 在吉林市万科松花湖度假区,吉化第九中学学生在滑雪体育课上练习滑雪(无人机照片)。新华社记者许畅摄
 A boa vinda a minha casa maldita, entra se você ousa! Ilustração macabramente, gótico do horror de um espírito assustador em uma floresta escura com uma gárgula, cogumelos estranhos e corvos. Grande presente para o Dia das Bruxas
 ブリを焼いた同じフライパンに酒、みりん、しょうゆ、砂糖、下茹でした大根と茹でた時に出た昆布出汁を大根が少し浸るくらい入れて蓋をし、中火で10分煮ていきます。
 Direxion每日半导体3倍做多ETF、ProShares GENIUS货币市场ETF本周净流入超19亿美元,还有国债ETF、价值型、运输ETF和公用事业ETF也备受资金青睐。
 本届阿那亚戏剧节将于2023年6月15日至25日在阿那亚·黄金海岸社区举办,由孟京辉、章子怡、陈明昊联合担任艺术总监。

--------------------------------

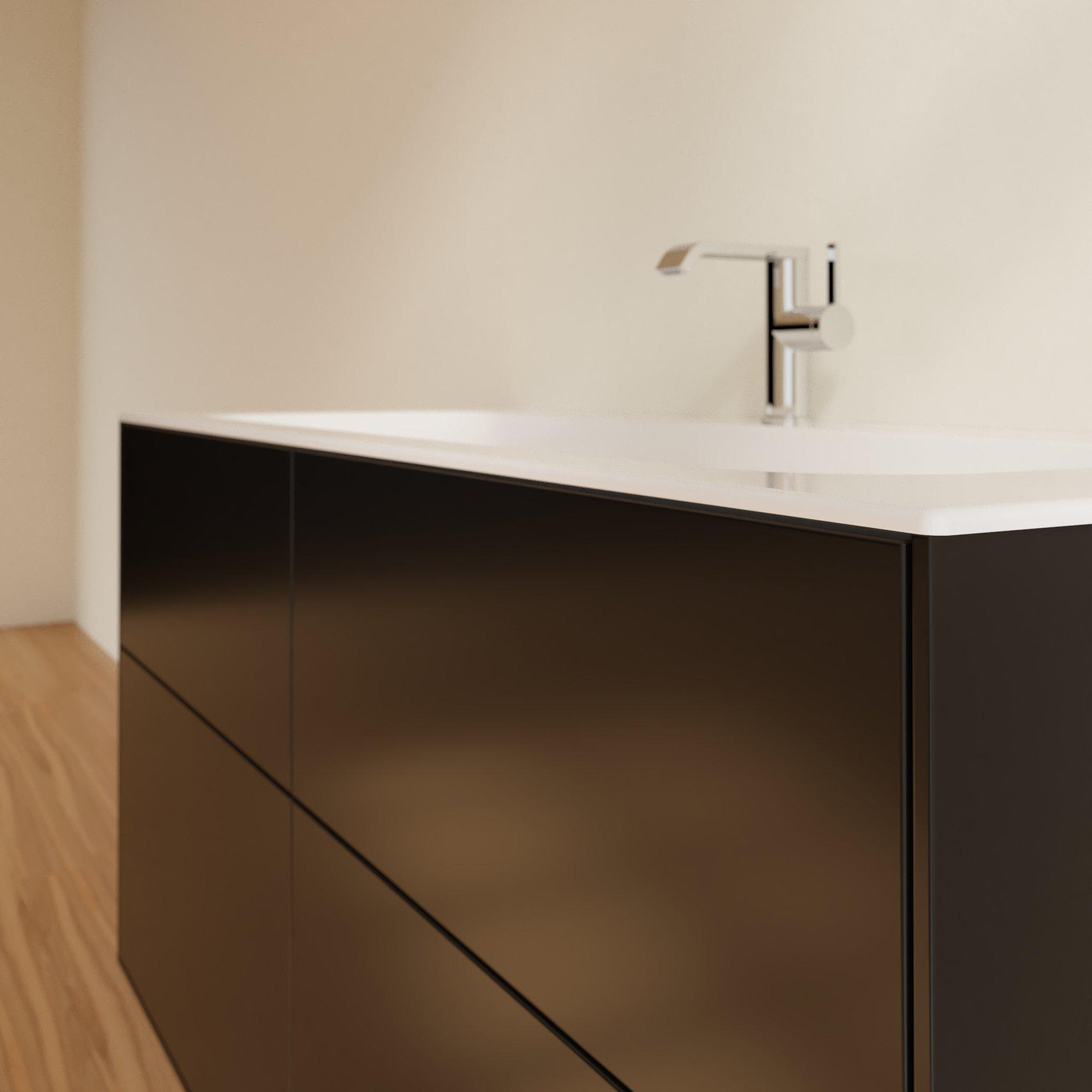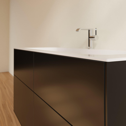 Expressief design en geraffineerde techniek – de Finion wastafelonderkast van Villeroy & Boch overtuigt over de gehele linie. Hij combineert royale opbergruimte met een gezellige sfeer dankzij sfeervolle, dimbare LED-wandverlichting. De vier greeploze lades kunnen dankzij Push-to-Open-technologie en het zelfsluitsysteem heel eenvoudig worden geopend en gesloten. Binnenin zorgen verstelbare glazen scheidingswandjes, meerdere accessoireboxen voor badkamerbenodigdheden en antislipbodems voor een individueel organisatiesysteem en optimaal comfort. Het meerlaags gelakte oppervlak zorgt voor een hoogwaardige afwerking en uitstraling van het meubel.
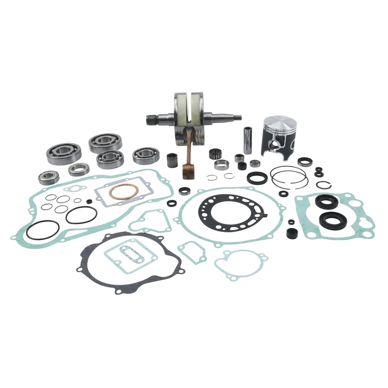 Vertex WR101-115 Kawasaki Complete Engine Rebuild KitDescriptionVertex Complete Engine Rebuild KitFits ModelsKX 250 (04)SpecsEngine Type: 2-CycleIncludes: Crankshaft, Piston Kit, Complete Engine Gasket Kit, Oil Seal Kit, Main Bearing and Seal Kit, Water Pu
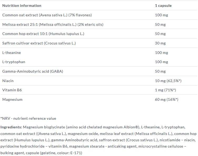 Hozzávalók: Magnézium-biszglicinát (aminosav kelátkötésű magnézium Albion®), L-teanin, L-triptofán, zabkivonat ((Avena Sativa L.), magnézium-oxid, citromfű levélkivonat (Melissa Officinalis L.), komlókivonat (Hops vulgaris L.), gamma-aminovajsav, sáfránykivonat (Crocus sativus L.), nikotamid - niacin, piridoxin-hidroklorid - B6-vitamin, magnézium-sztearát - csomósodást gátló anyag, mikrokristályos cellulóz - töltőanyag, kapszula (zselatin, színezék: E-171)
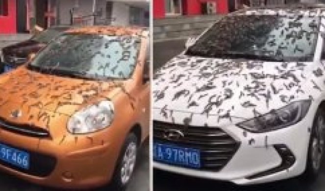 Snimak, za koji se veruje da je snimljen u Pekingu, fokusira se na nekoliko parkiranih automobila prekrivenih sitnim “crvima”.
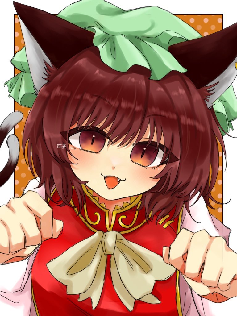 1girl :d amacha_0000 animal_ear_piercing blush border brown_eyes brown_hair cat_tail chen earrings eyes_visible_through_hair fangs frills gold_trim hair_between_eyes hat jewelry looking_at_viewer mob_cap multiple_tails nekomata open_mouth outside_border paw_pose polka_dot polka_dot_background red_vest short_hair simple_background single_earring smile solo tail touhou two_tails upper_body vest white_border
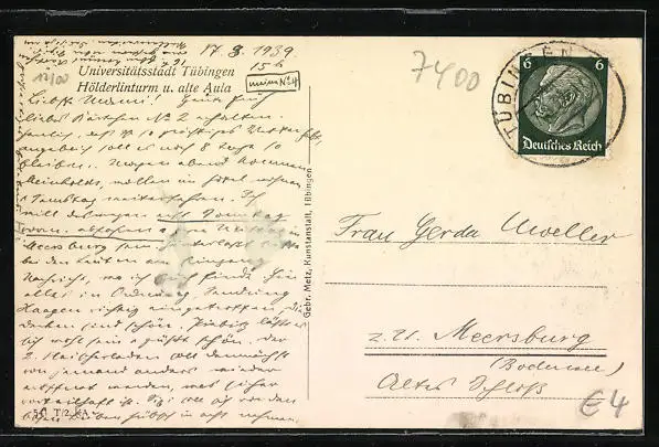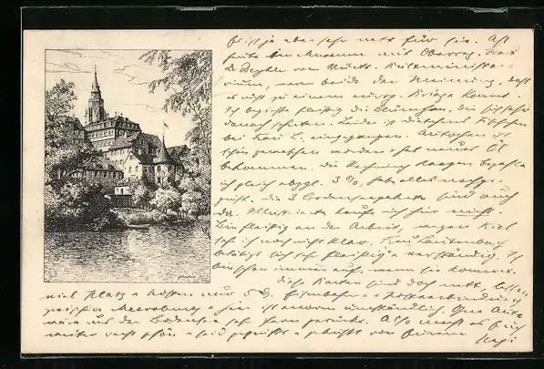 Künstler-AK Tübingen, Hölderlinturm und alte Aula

--------------------------------

● WHAT YOU WILL DO:
An exact copy of the lines above from the one with "Vertex WR101-115 Kawasaki" up to and including the one with "Künstler-AK Tübingen, Hölderlinturm" is required; reproduce only those lines, omitting all pictures.

● RESULT BELOW:
 Vertex WR101-115 Kawasaki Complete Engine Rebuild KitDescriptionVertex Complete Engine Rebuild KitFits ModelsKX 250 (04)SpecsEngine Type: 2-CycleIncludes: Crankshaft, Piston Kit, Complete Engine Gasket Kit, Oil Seal Kit, Main Bearing and Seal Kit, Water Pu
 Hozzávalók: Magnézium-biszglicinát (aminosav kelátkötésű magnézium Albion®), L-teanin, L-triptofán, zabkivonat ((Avena Sativa L.), magnézium-oxid, citromfű levélkivonat (Melissa Officinalis L.), komlókivonat (Hops vulgaris L.), gamma-aminovajsav, sáfránykivonat (Crocus sativus L.), nikotamid - niacin, piridoxin-hidroklorid - B6-vitamin, magnézium-sztearát - csomósodást gátló anyag, mikrokristályos cellulóz - töltőanyag, kapszula (zselatin, színezék: E-171)
 Snimak, za koji se veruje da je snimljen u Pekingu, fokusira se na nekoliko parkiranih automobila prekrivenih sitnim “crvima”.
 1girl :d amacha_0000 animal_ear_piercing blush border brown_eyes brown_hair cat_tail chen earrings eyes_visible_through_hair fangs frills gold_trim hair_between_eyes hat jewelry looking_at_viewer mob_cap multiple_tails nekomata open_mouth outside_border paw_pose polka_dot polka_dot_background red_vest short_hair simple_background single_earring smile solo tail touhou two_tails upper_body vest white_border
 Künstler-AK Tübingen, Hölderlinturm und alte Aula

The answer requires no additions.